Before joining the OCDC, Hazen was CEO of NCBA Clusa, and sat on the board of the International Cooperative Alliance. 

“ICA board meetings are hosted in different countries,” he says, “and I would often be invited to visit with a government official and explain the balance that we have in the USA between government support and government involvement in co-operatives. You want good laws that allow co-operatives to be independent and viable businesses. You want to make sure there’s education and training available. You want to make sure that there’s finance and credit available. So those are things that the government can do to enable co-operatives to succeed, versus controlling co-operatives.”

This is a challenge at home too, adds Hazen, pointing to Obamacare, which created consumer-owned health co-ops but included a provision barring them from using any of their government funding for marketing. “That’s an example of bad regulation. Around 20 large consumer owned healthcare co-operatives were organised. They all failed, because that provision did not allow them to go out and market their services.”

Hazen’s focus now is to re-engage with the State Department to start finding a way to implement the CDP. “It’s clear we have support in Congress. The president signed this funding bill, so now they own it, and we will be working to try to get them to actually implement the programme. If that happens, then it’s rebuilding our capacity for development, and it’s going to be different. 

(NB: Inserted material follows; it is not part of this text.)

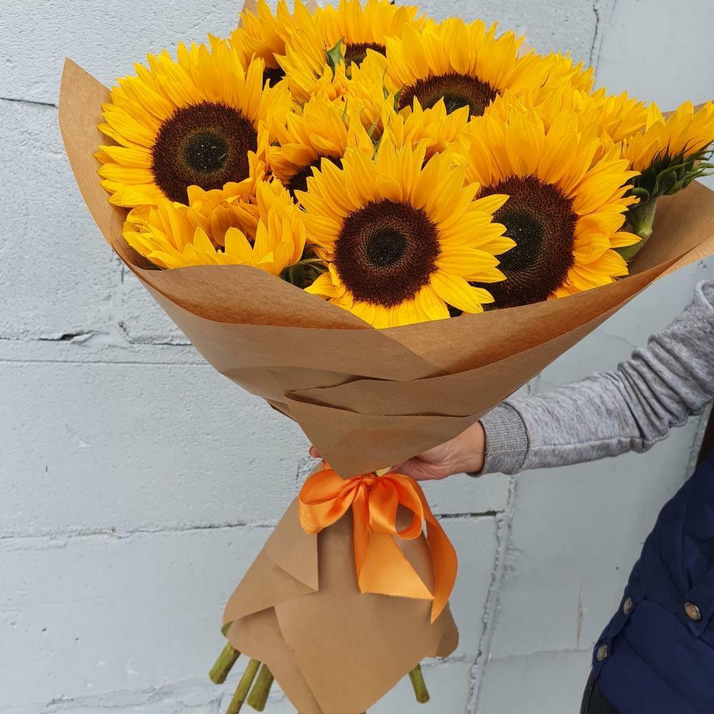 Букет из 11 подсолнухов в крафте

“I think everybody understands that we’re going to have to work smarter and better, probably not going to have as many organisations implementing programmes, and try to be more efficient.”

In terms of future administrations, Hazen thinks there will be a refocus on international development. “As I said, it’ll be different. But I think there’s a real realisation that this diminished role for the US is not good for our own country. 

“It’s fine to take a step back and say, you know, what’s working, what’s not working, and let’s focus on those things that are working. And so I’m hopeful that in the next administration, that the US will step up and retake a place of leadership in the world, but one from a standpoint of mutual respect for others around the world.”

More pressing is the need to lobby on the 2027 budget. “We had bipartisan support in the Congress for co-operatives,” says Hazen, “so I have faith that we can revive the United States’ long commitment to international co-operative development.”